__Task to carry out__.
Write out exactly the lines below starting at the one containing "Latest Fashion Sexy" and ending at the one containing "Adatta per il". Omit every picture.

__Data provided__.
*** Block opens ***

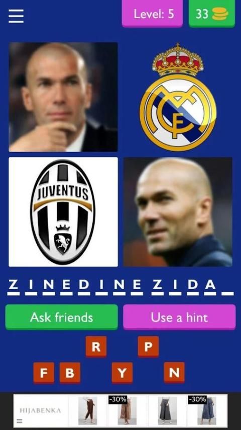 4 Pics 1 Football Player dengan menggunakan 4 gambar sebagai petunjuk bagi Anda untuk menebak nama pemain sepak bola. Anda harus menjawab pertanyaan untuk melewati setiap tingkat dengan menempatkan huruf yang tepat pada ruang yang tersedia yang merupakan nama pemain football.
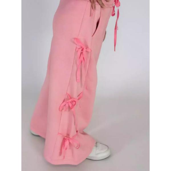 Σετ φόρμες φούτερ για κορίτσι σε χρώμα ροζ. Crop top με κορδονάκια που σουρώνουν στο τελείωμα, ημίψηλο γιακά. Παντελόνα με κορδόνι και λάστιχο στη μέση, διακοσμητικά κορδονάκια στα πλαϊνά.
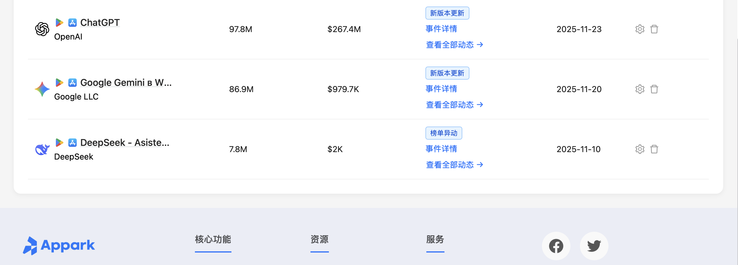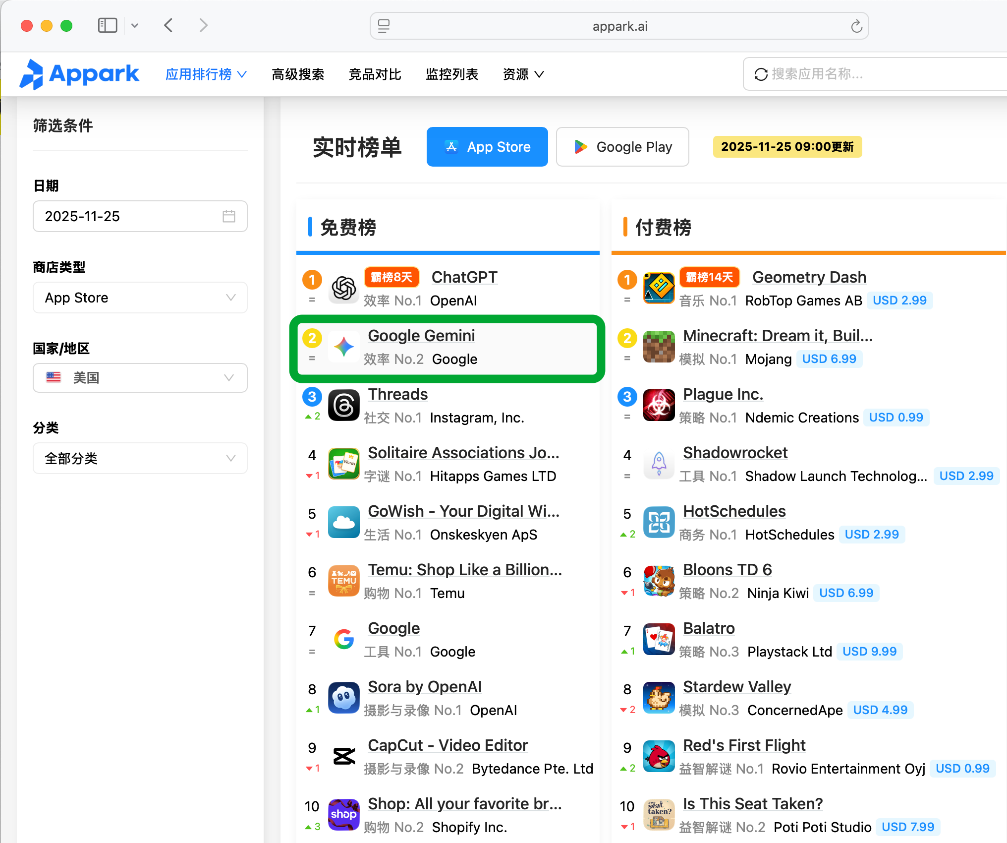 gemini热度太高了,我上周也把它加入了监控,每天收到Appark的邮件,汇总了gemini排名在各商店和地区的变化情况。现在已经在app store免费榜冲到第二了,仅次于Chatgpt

*** Block closes ***
*** Block opens ***

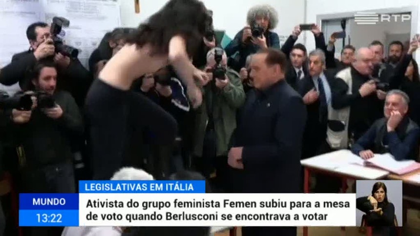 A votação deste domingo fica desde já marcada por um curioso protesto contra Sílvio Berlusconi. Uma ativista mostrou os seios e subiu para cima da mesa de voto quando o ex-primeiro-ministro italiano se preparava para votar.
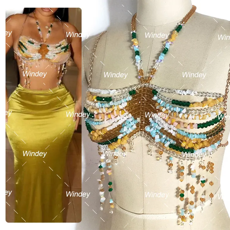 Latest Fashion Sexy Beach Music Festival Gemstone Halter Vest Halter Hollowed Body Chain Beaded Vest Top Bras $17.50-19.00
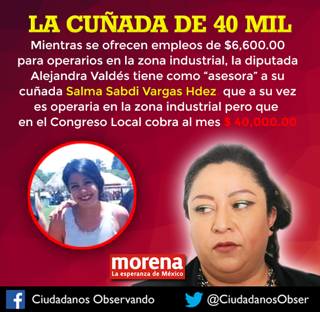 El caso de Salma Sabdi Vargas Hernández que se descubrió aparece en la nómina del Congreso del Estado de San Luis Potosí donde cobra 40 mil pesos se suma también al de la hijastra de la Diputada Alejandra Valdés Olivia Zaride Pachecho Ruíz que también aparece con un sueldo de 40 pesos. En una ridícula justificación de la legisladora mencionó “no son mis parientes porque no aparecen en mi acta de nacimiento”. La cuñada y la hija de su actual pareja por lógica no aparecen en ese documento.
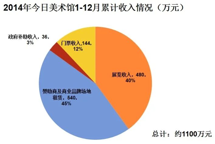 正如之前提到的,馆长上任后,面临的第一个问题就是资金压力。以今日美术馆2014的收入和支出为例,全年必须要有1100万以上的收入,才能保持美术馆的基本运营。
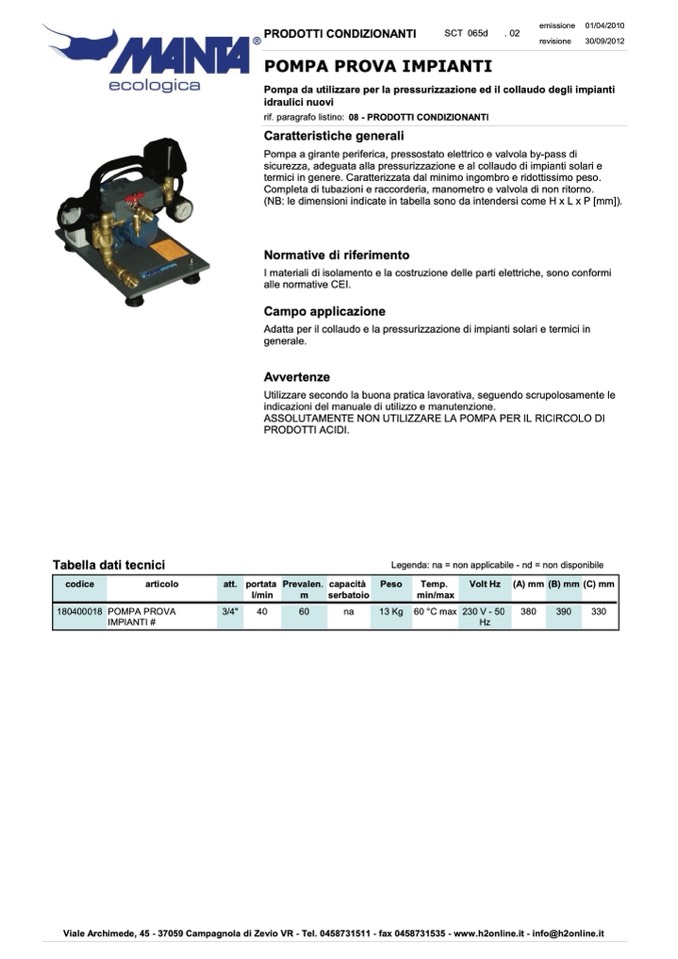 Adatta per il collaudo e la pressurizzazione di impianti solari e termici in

*** Block closes ***

__Output for this task__.
 Latest Fashion Sexy Beach Music Festival Gemstone Halter Vest Halter Hollowed Body Chain Beaded Vest Top Bras $17.50-19.00
 El caso de Salma Sabdi Vargas Hernández que se descubrió aparece en la nómina del Congreso del Estado de San Luis Potosí donde cobra 40 mil pesos se suma también al de la hijastra de la Diputada Alejandra Valdés Olivia Zaride Pachecho Ruíz que también aparece con un sueldo de 40 pesos. En una ridícula justificación de la legisladora mencionó “no son mis parientes porque no aparecen en mi acta de nacimiento”. La cuñada y la hija de su actual pareja por lógica no aparecen en ese documento.
 正如之前提到的,馆长上任后,面临的第一个问题就是资金压力。以今日美术馆2014的收入和支出为例,全年必须要有1100万以上的收入,才能保持美术馆的基本运营。
 Adatta per il collaudo e la pressurizzazione di impianti solari e termici in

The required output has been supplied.